Example of connecting to a SQL database:

In [None]:
# Example: SQLite connection
import sqlite3
import pandas as pd

# Create a connection to a SQLite database (or use an existing one)
# conn = sqlite3.connect('example.db')

# Example: create a table and insert data
# conn.execute('''
#     CREATE TABLE IF NOT EXISTS example_table (
#         id INTEGER PRIMARY KEY,
#         name TEXT,
#         value REAL
#     )
# ''')
# conn.commit()

# Use pandas to interact with SQL
# df = pd.read_sql("SELECT * FROM example_table", conn)

## 12. Testing Your Environment

Let's run a simple test to make sure your data science environment is set up correctly.

In [None]:
# Test importing key libraries
try:
    import numpy as np
    import pandas as pd
    import matplotlib.pyplot as plt
    import seaborn as sns
    from sklearn import datasets
    
    print("NumPy version:", np.__version__)
    print("Pandas version:", pd.__version__)
    print("Matplotlib version:", plt.matplotlib.__version__)
    print("Seaborn version:", sns.__version__)
    print("Scikit-learn version:", datasets.__version__)
    print("\nAll libraries imported successfully!")
except ImportError as e:
    print(f"Error importing libraries: {e}")

In [None]:
# Simple data science operation test
# Load a dataset
iris = datasets.load_iris()
df = pd.DataFrame(iris.data, columns=iris.feature_names)
df['target'] = iris.target

# Create a simple plot
plt.figure(figsize=(10, 6))
sns.scatterplot(x='sepal length (cm)', y='sepal width (cm)', 
                hue='target', data=df, palette='viridis')
plt.title('Iris Dataset: Sepal Width vs Sepal Length')
plt.show()

print("Your data science environment is working correctly!")
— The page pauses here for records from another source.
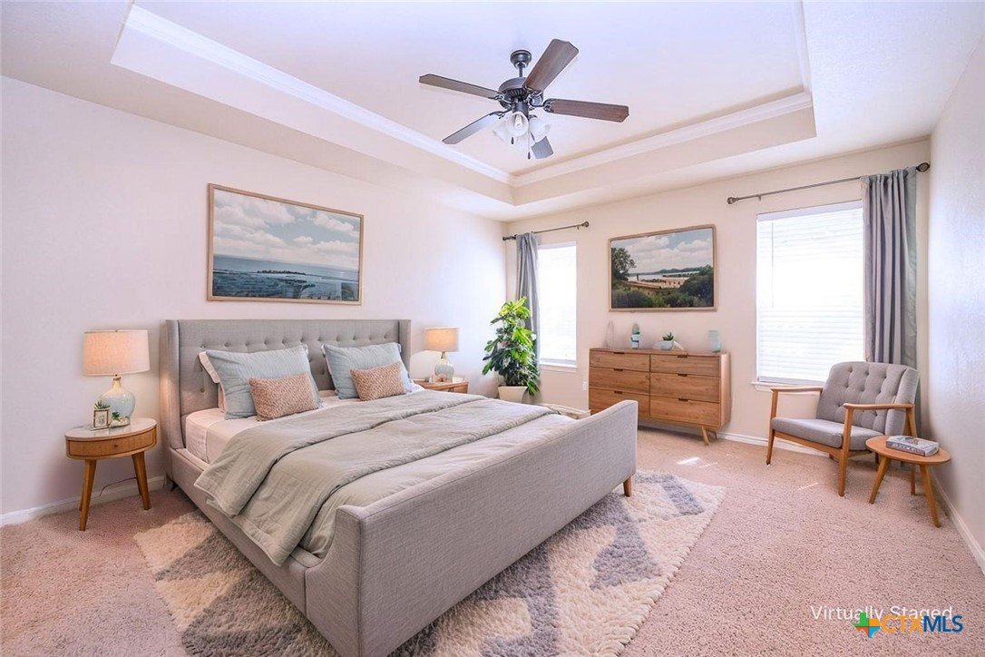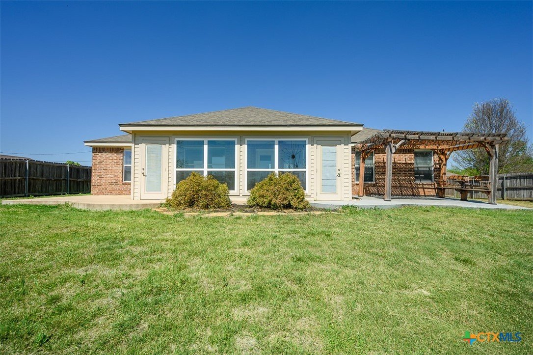 Set on a spacious three quarter-acre, this home offers room to breathe and a setting that feels just a little more private than most. Step inside to a great room where wood laminate floors and a tray ceiling create a warm, inviting space to gather or unwind. Just beyond, the dining room flows easily into the kitchen, making everyday meals and special occasions feel effortless. The owner’s suite is a true retreat, featuring its own tray ceiling and a bathroom designed for comfort with an oversized shower and a Texas-sized walk-in closet thoughtfully outfitted with plenty of organization solutions. A sunroom adds even more versatility, perfect for morning coffee, hobbies, or simply enjoying the natural light year-round. Out back, the extended patio invites you to slow down and stay awhile, with a pergola-covered section that’s ideal for relaxing evenings or weekend get-togethers. With generous space inside and out, this home blends comfort, function, and a setting that’s easy to enjoy every day.
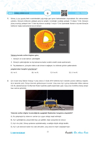 ÜNİTE GÜNEŞ, DÜNYA VE AY 11 GENEL TEKRAR
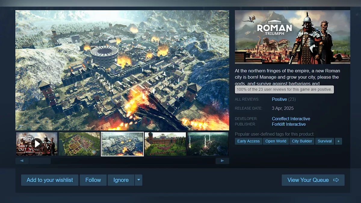 Компания-издатель Forklift Interactive и студия-разработчик Coreffect Interactive выпустили в раннем доступе Steam игру про Римскую империю под названием Roman Triumph: Survival City Builder. Первые отзывы — положительные.
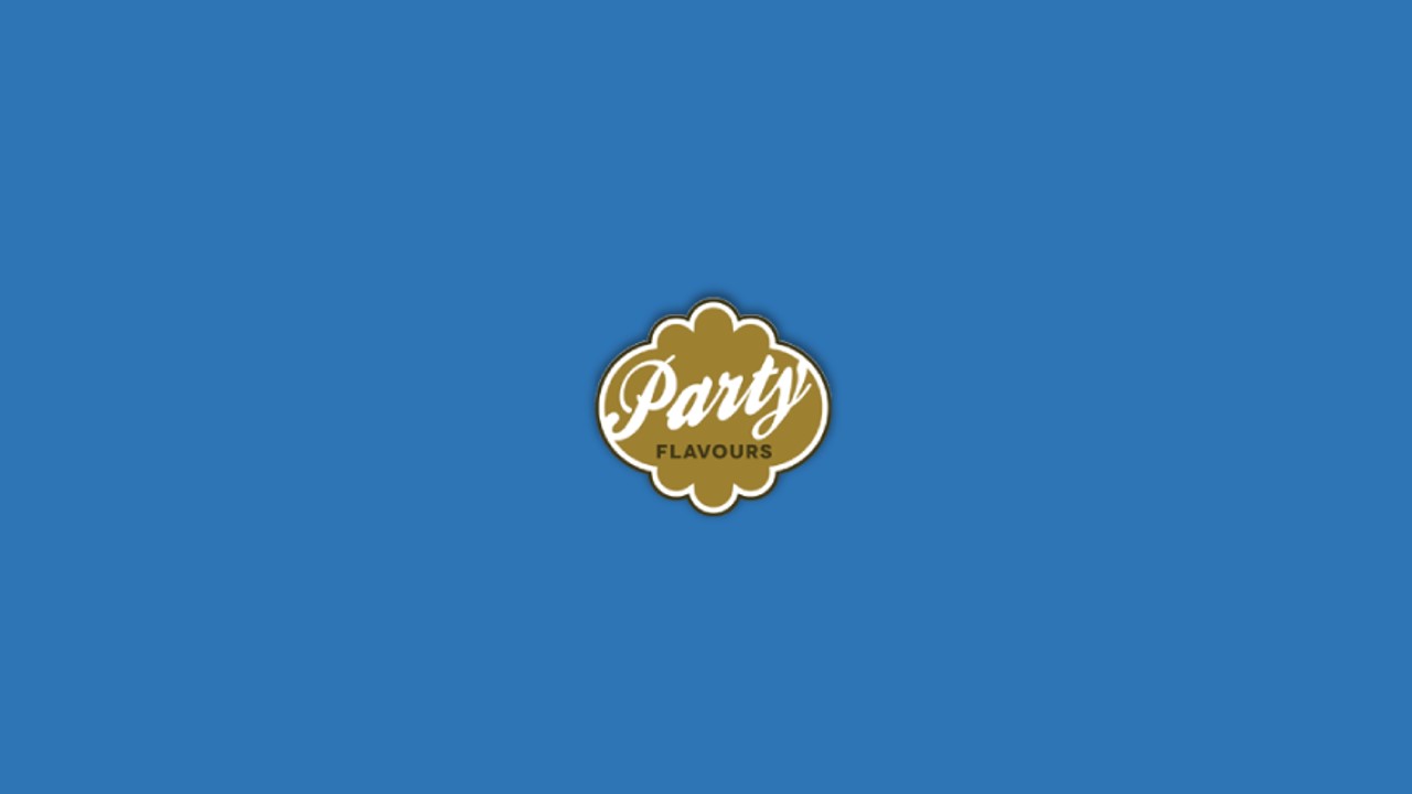 Etiqueta dourada com texto 'Party FLAVOURS' sobre fundo azul.

## 13. Environment Sharing and Reproducibility

For collaboration, you'll want to share your environment configuration.

In [None]:
# Create a conda environment file
# !conda env export > environment.yml

# Another person can recreate your environment with:
# !conda env create -f environment.yml

## 14. Next Steps and Best Practices

1. **Keep environments minimal**: Only install what you need
2. **Document dependencies**: Always maintain requirements.txt or environment.yml
3. **Virtual environments**: Create separate environments for different projects
4. **Version control**: Track code changes with git
5. **Data versioning**: Consider tools like DVC (Data Version Control)
6. **Regular updates**: Update packages periodically but be careful of breaking changes
7. **Containerization**: Consider Docker for full environment reproducibility

## 15. Conclusion

You've now set up a complete data science environment with:

- Python installation
- Package and environment management
- Essential data science libraries
- Development tools and IDEs
- Version control
- Project organization structure
- Database connections
- Reproducibility tools

This foundation will allow you to efficiently work on data science projects while following best practices for code organization, reproducibility, and collaboration.